Types of System Log Entries

  • Log Entry Types:

    • [start_transaction, T]: Indicates that transaction T has started execution.

    • [write_item, T, X, old_value, new_value]: Records that T changed the value of X from old to new.

    • [read_item, T, X]: Records that T has read the value of X.

    • [commit, T]: Records successful completion of T, affirming permanent database effect.

Desirable Properties of Transactions (ACID)

  • ACID Properties:

    • Atomicity: A transaction is atomic; either fully completed or not at all.

    • Consistency Preservation: Must take the database from one consistent state to another.

    • Isolation:Transaction changes should only be visible upon commitment, resolving temporary update problems.

    • Durability: Once changes are committed, they must persist, not lost to future failures.

Characterizing Schedules Based on Serializability

  • Definitions:

    • Serial Schedule: All operations of a transaction T in a schedule are executed consecutively.

    • Non-serial Schedule: Any operation of T that does not execute consecutively.

    • Result Equivalent: Two schedules with identical final database states.

    • Serializable Schedule: Equivalent to a serial schedule of the same transactions.

    • Conflict Equivalent: Schedules with the same order of conflicting operations.

Schedule Equivalence and Tests

  • Conflict Serializable: Schedule that matches a conflict equivalent serial schedule.

  • Complexity:

    • Serializability is complex to check due to unpredictable interleaving in a scheduler.

  • Testing for Conflict Serializability:

    • Utilizing a precedence graph to ensure no cycles exist, allowing for serialization.

Precedence Graphs and Cycles

  • Graph Construction:

    • Nodes represent transactions; directed edges represent conflicting operations.
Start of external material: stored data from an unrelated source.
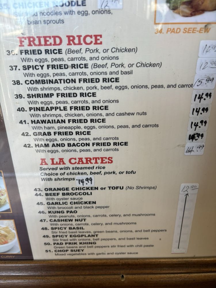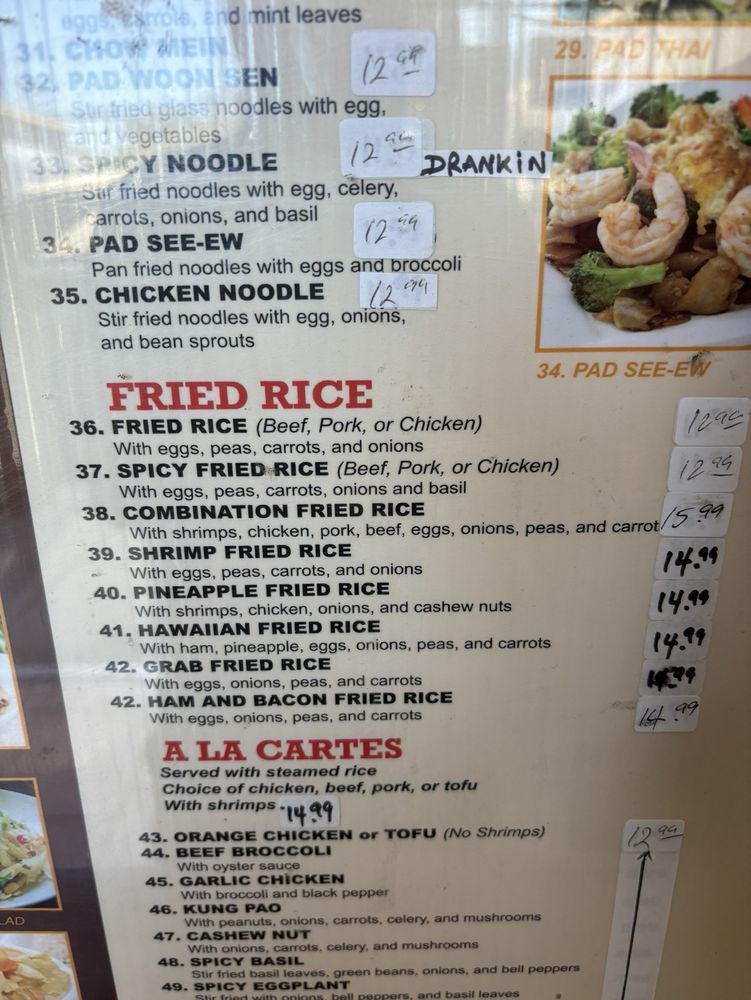 Pan fried noodles with eggs and broccoli. Served with pork, beef, chicken, tofu with egg, or no egg.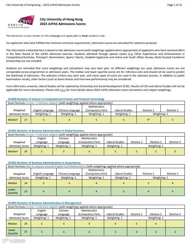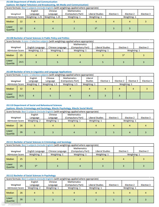 从2024年起,通过JUPAS报读城大的学生需达到最低要求“332A33”。但个别学科在特定科目上会有更高的要求。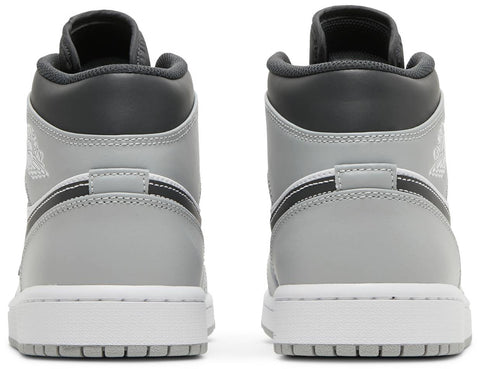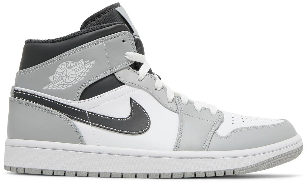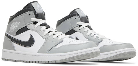 Dressed in a Light Smoke Grey, White, and Anthracite color scheme. This offering of the mid-top Air Jordan 1 comes constructed in a leather build featuring a White base with Light Smoke Grey overlays and Anthracite Swooshes, ankle collar, tongues, and liners. Contrasting stitching atop a White midsole and Grey rubber outsole completes the design.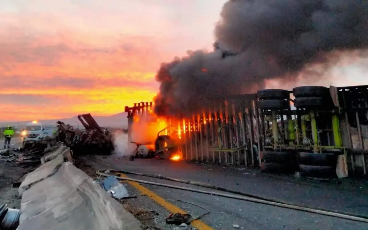 Esta segundo coche involucró al tráiler que terminó chocando con el primer coche, volcó y se incendió.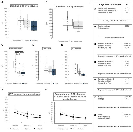 CST: The mean CST for all patients was 507 ± 176, 282 ± 95.4, and 268 ± 107 µm at baseline, month 12, and final visit, respectively. Significant differences were found between baseline and month 12 (p < 0.001), and baseline and final (p < 0.001), but not between month 12 and final (p = 0.53). The changes of CST by subtype are shown in Figure 3. At baseline, there were no significant differences in CST among all of the subtypes (Figure 3A). Additionally, no significant difference was found between nonischemic and not nonischemic types (p = 0.057) (Figure 3B). The changes in CST for each subtype are shown in Figure 3C–E. Significant differences were found only in baseline vs. month 12 (p < 0.001) and baseline vs. final (p < 0.001) for the nonischemic type, but not for the other types (Figure 3C–E). CST changes over time for each subtype are presented in Figure 3F,G. CST changes were significantly different over time in Figure 3F (p < 0.001) and Figure 3G (p < 0.001), but were not significantly different by subtype in Figure 3F (p = 0.072) or between nonischemic and not nonischemic in Figure 3G (p = 0.31).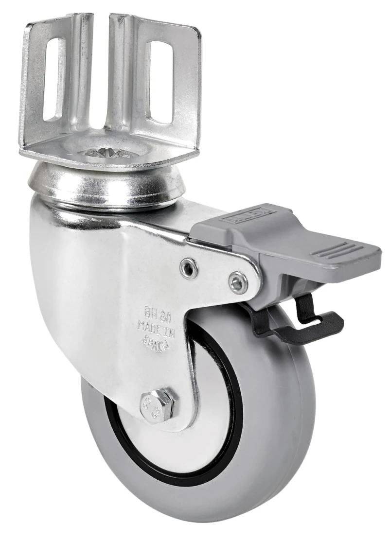 Räder aus grauem gespritztem Gummi. Geeignet für Ladungen bis zu 70 kg.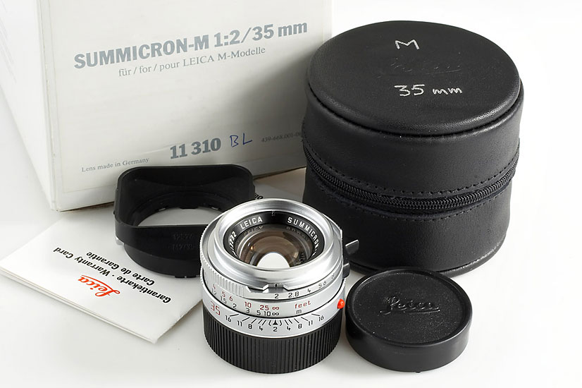 quite rare, mint Summicron-M 2/35mm in chrome finish with perfect lenses, hood 12524, caps, leather case, guarantee card, maker's box (for 11310)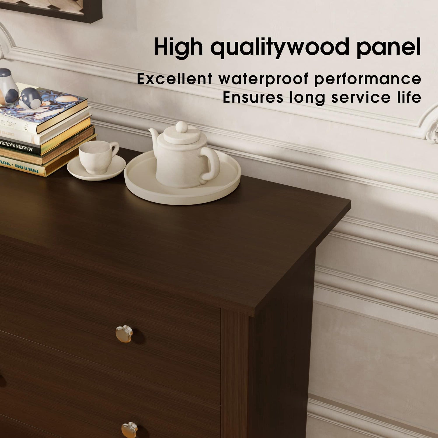 Furniwell 6 Drawer Dresser for Bedroom, Wood Dresser Wide Storage Organizer for Living Room Hallway Closets (Brown)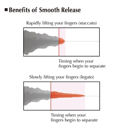 Sound in an acoustic piano attenuates over a long time. Pianists can change the volume of the sound—as well as its dynamics—to achieve both mellow and bright tones by simply changing the pressure they apply to the keys.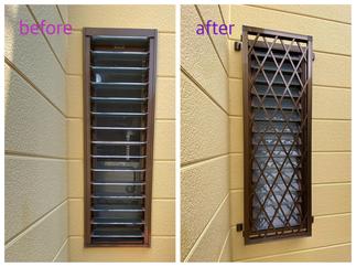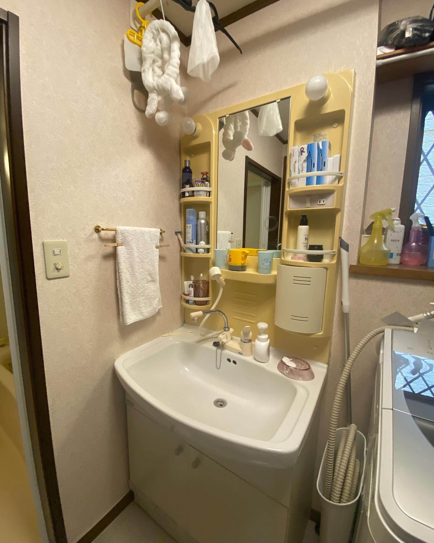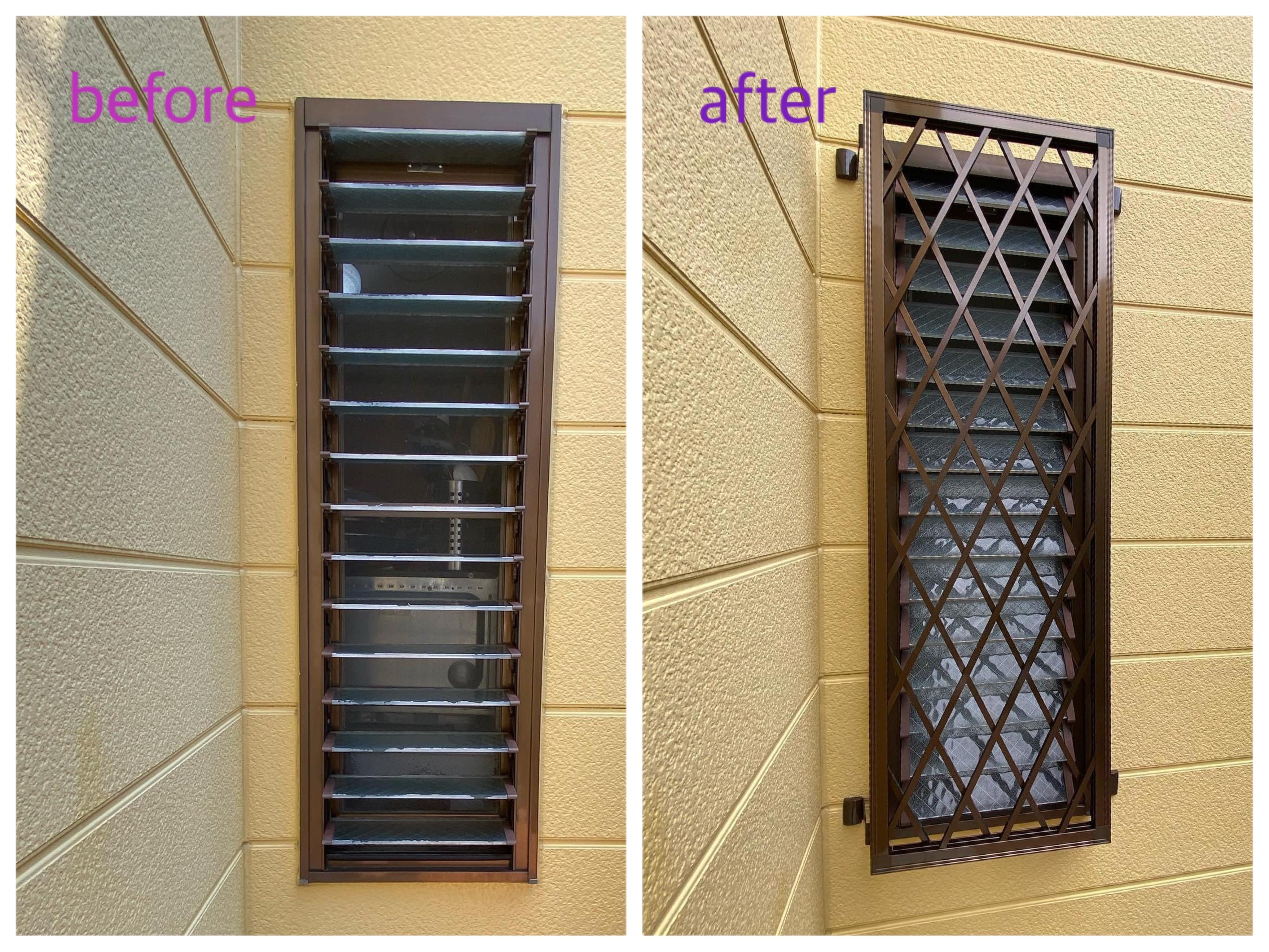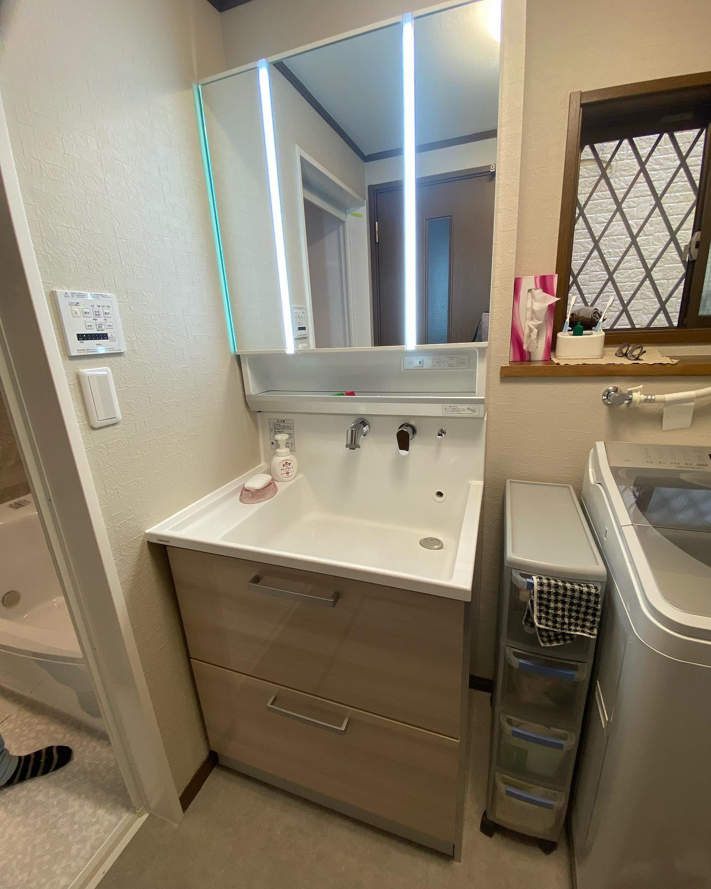 戸建の洗面化粧台交換(クリナップ洗面台S)、クッションフロア・クロスを貼り替え。 外窓に面格子を設置し防犯性も向上しました。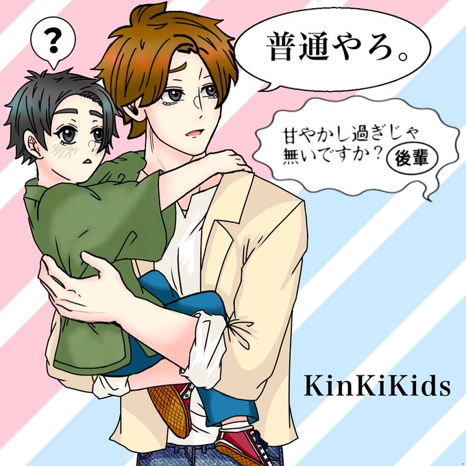 自分が思うKinKiKidsのイメージをイラストにしてみました。光一さんのワンコのカラーリングは「コウイチブチ」 を参考にしました。#KinKiKids #図書委員さんと繋がりたい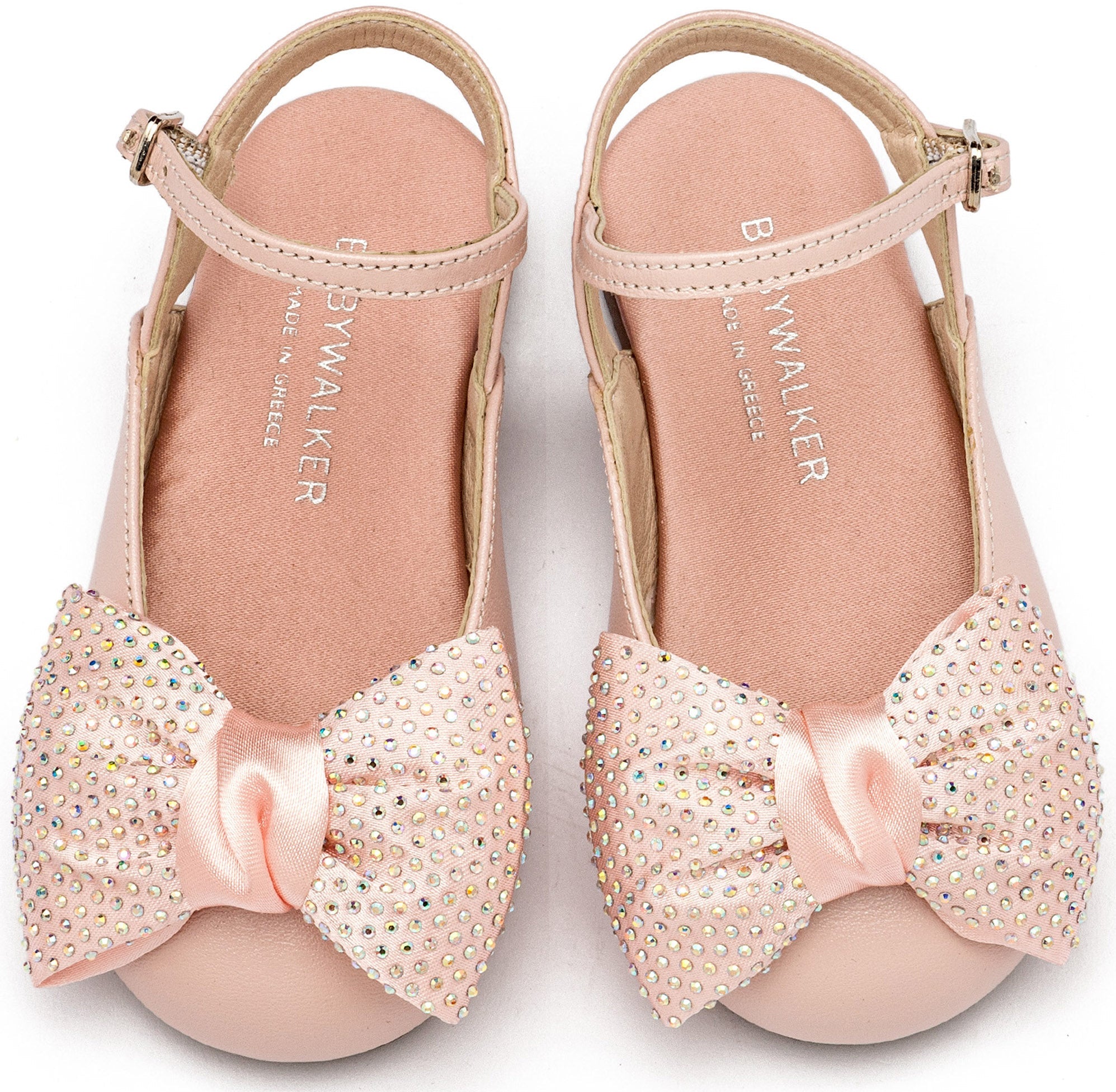 Γαλλικό Δερμάτινο Σαμπό με Μεγάλο Φιόγκο Στρας σε Ροζ Χρώμα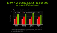 Um die Kunden bis dahin bei Stange zu halten und der Konkurrenz nicht kampflos den Markt zu überlassen, hat Nvidia nun weitere Benchmarkwerte veröffentlicht. Dabei attackieren die Kalifornier vor allem Marktführer Qualcomm und dessen kommende Snapdragon-600- beziehungsweise Snapdragon-800-SoCs (auch S600/S800 genannt).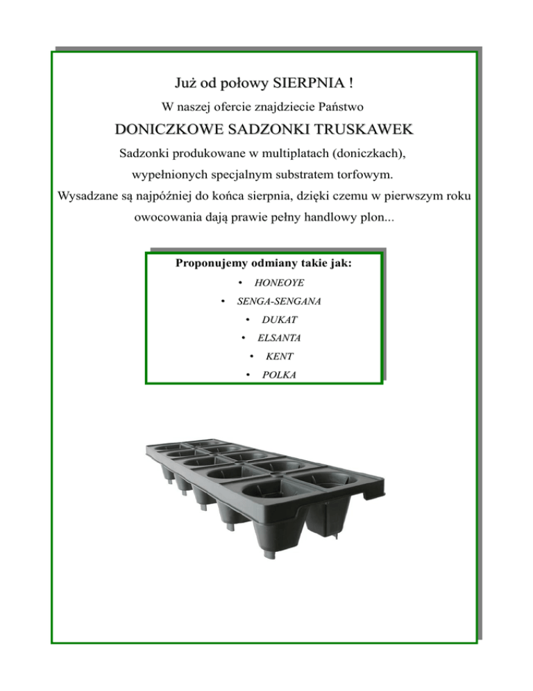 Już od połowy SIERPNIA ! W naszej ofercie znajdziecie Państwo DONICZKOWE SADZONKI TRUSKAWEK Sadzonki produkowane w multiplatach (doniczkach), wypełnionych specjalnym substratem torfowym. Wysadzane są najpóźniej do końca sierpnia, dzięki czemu w pierwszym roku owocowania dają prawie pełny handlowy plon... Proponujemy odmiany takie jak: HONEOYE • • SENGA-SENGANA • DUKAT ELSANTA • • • KENT POLKA

    • No cycles indicate serializability while cycles indicate non-serializability.

Conclusion on Transaction Processing

  • Transactions must be well-formed to ensure database integrity and handle concurrent operations through defined protocols for managing states.

  • Strong recovery mechanisms are conceptually crucial for upholding the logic and structures of databases amid failures and user interactions.

This document encapsulates expansive insights into transaction processing including the fundamental operations, challenges, and properties essential for the successful execution and management of transactions within a database system.